BEGIN RECORDED INFORMATION

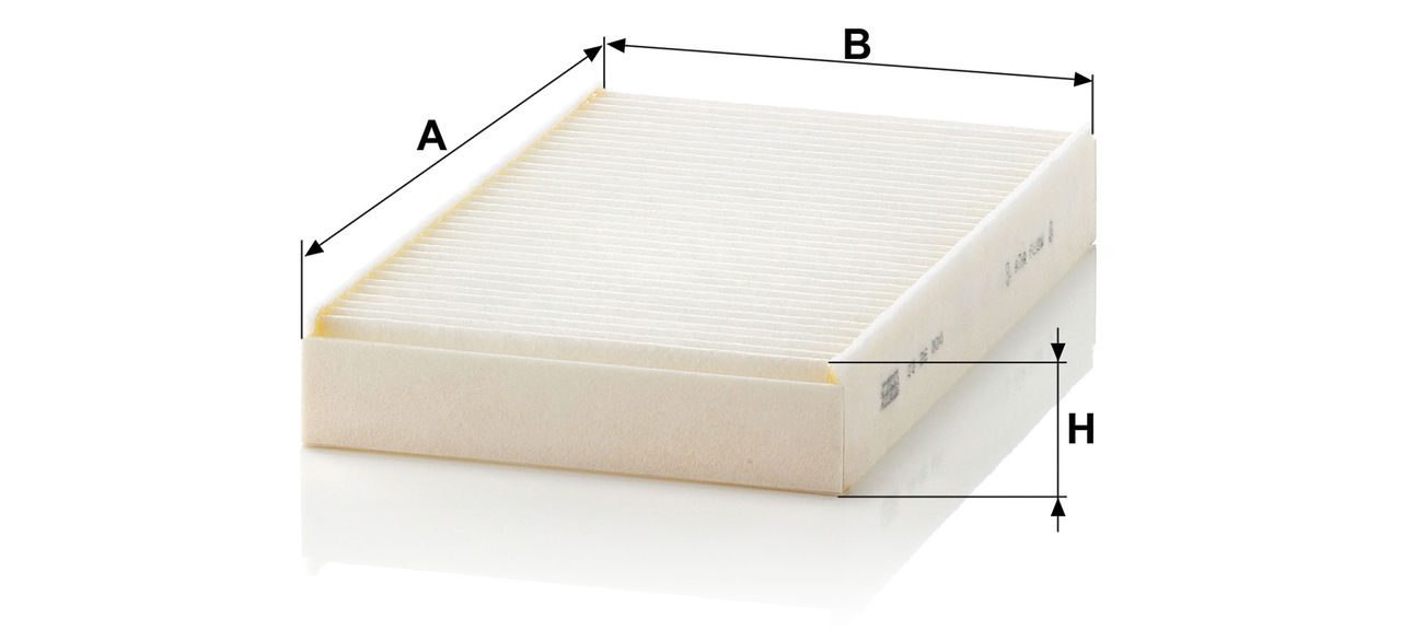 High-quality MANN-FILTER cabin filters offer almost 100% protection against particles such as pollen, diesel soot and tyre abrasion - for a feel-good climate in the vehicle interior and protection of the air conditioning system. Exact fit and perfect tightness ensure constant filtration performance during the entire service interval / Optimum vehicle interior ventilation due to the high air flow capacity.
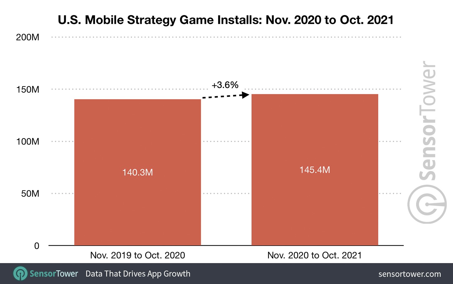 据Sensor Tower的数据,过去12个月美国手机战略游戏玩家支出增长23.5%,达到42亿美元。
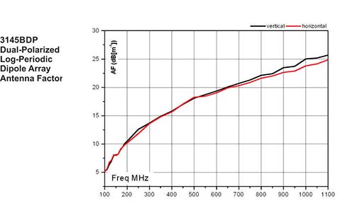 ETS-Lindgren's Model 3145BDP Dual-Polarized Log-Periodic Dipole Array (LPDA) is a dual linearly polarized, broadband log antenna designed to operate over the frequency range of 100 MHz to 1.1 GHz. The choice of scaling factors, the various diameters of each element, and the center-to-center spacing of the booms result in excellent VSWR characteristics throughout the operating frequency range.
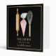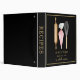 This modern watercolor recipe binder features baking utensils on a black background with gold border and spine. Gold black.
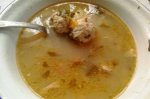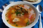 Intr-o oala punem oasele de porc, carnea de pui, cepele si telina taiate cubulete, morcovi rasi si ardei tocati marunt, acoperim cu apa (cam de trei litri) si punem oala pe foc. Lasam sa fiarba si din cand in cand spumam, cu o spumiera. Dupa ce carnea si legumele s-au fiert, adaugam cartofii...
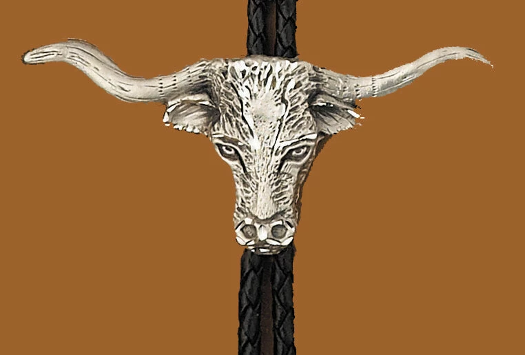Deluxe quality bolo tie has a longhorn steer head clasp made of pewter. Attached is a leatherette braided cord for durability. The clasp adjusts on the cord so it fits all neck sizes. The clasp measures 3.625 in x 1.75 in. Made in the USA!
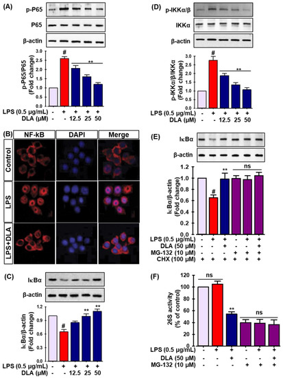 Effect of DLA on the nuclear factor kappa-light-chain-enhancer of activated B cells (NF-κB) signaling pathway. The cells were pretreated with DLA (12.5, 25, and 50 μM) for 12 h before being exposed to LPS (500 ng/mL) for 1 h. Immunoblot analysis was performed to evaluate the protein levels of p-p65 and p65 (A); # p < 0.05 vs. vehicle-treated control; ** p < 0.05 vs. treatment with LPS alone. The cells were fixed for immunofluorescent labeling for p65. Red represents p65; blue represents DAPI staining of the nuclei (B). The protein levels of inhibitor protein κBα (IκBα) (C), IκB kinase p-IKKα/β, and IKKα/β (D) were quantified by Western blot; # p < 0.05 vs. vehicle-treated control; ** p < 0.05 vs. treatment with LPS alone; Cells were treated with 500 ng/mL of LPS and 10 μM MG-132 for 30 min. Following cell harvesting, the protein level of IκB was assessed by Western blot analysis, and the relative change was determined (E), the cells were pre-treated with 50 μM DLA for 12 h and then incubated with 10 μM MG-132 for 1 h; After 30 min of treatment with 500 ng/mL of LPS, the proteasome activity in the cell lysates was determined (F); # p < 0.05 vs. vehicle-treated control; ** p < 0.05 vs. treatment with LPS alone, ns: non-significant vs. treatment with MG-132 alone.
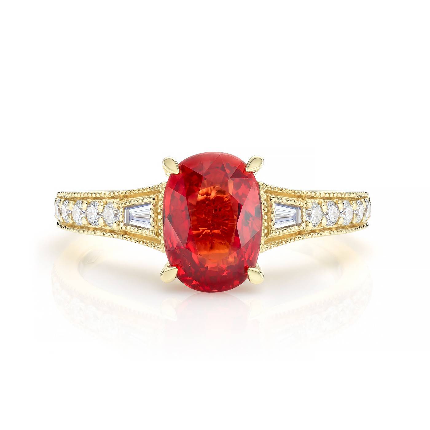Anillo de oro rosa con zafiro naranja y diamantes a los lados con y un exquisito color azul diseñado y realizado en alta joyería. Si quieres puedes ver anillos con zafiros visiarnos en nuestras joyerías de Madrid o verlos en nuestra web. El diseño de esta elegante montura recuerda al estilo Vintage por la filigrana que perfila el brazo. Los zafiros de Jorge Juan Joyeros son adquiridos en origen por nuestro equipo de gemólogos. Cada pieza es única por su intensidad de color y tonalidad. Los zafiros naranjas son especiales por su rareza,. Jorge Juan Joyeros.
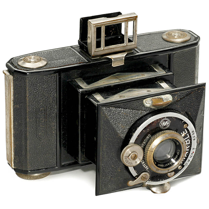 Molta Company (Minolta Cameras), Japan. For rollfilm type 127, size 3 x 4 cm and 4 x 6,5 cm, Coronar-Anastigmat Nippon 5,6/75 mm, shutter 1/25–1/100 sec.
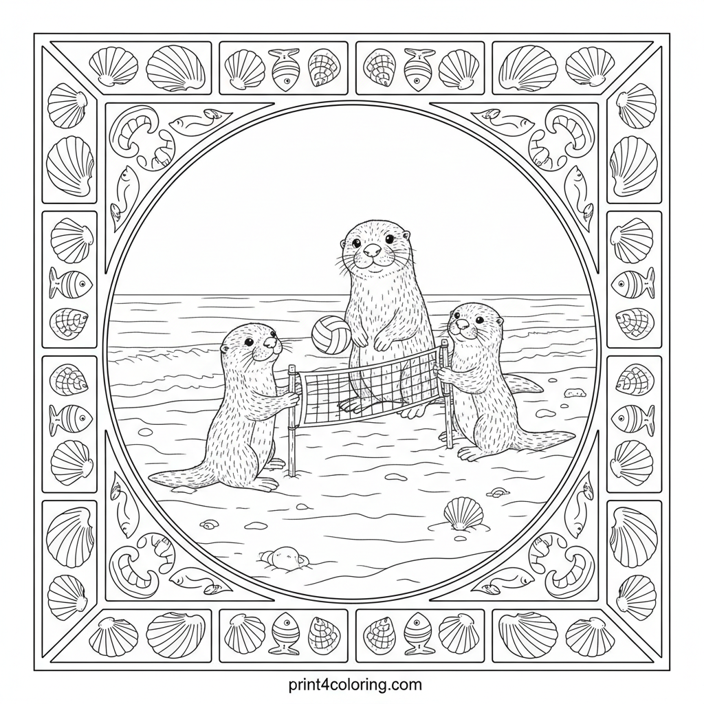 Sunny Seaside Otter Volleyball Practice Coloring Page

END RECORDED INFORMATION
BEGIN RECORDED INFORMATION

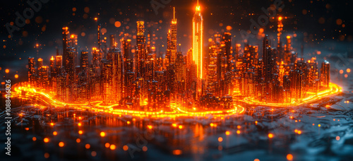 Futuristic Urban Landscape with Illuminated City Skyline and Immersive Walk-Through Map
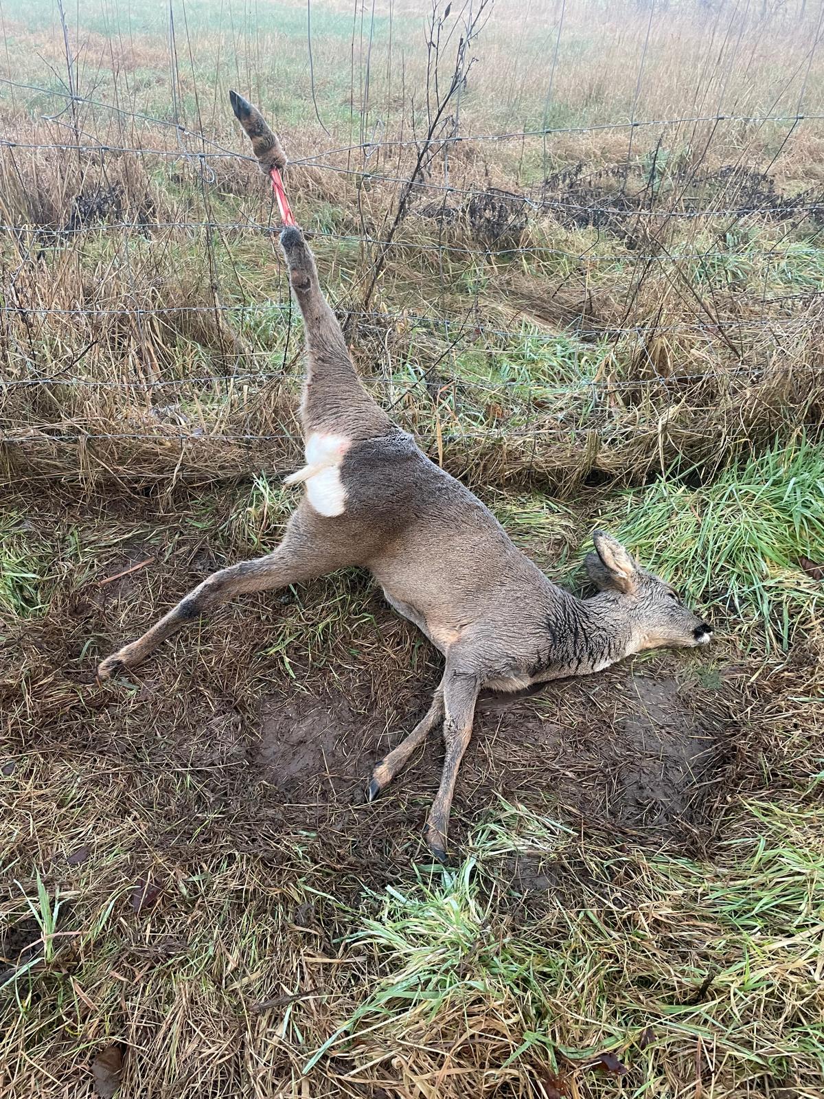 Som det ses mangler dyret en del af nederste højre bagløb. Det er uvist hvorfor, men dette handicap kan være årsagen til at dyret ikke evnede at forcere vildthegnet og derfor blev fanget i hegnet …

END RECORDED INFORMATION
BEGIN RECORDED INFORMATION

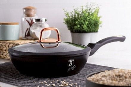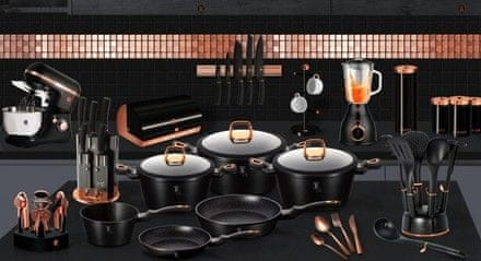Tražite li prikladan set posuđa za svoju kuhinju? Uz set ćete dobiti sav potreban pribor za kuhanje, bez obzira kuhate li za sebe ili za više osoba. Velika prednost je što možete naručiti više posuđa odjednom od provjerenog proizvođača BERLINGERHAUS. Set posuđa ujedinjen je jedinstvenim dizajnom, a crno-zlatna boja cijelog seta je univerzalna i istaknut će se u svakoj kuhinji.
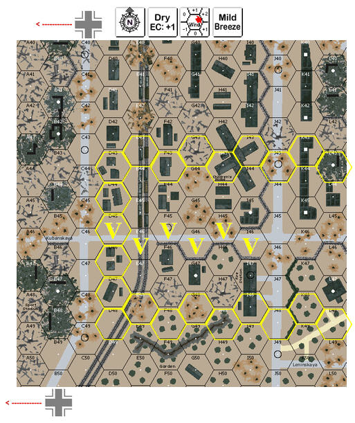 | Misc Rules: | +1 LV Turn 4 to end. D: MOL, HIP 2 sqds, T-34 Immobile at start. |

END RECORDED INFORMATION

* TASK TO CARRY OUT *
Transcribe, word for word, the lines of the listing above from the one that contains "High-quality MANN-FILTER cabin" through the one that contains "Deluxe quality bolo", keeping both ends and dropping the pictures.

* ANSWER FOR THE TASK *
 High-quality MANN-FILTER cabin filters offer almost 100% protection against particles such as pollen, diesel soot and tyre abrasion - for a feel-good climate in the vehicle interior and protection of the air conditioning system. Exact fit and perfect tightness ensure constant filtration performance during the entire service interval / Optimum vehicle interior ventilation due to the high air flow capacity.
 据Sensor Tower的数据,过去12个月美国手机战略游戏玩家支出增长23.5%,达到42亿美元。
 ETS-Lindgren's Model 3145BDP Dual-Polarized Log-Periodic Dipole Array (LPDA) is a dual linearly polarized, broadband log antenna designed to operate over the frequency range of 100 MHz to 1.1 GHz. The choice of scaling factors, the various diameters of each element, and the center-to-center spacing of the booms result in excellent VSWR characteristics throughout the operating frequency range.
 This modern watercolor recipe binder features baking utensils on a black background with gold border and spine. Gold black.
 Intr-o oala punem oasele de porc, carnea de pui, cepele si telina taiate cubulete, morcovi rasi si ardei tocati marunt, acoperim cu apa (cam de trei litri) si punem oala pe foc. Lasam sa fiarba si din cand in cand spumam, cu o spumiera. Dupa ce carnea si legumele s-au fiert, adaugam cartofii...
Deluxe quality bolo tie has a longhorn steer head clasp made of pewter. Attached is a leatherette braided cord for durability. The clasp adjusts on the cord so it fits all neck sizes. The clasp measures 3.625 in x 1.75 in. Made in the USA!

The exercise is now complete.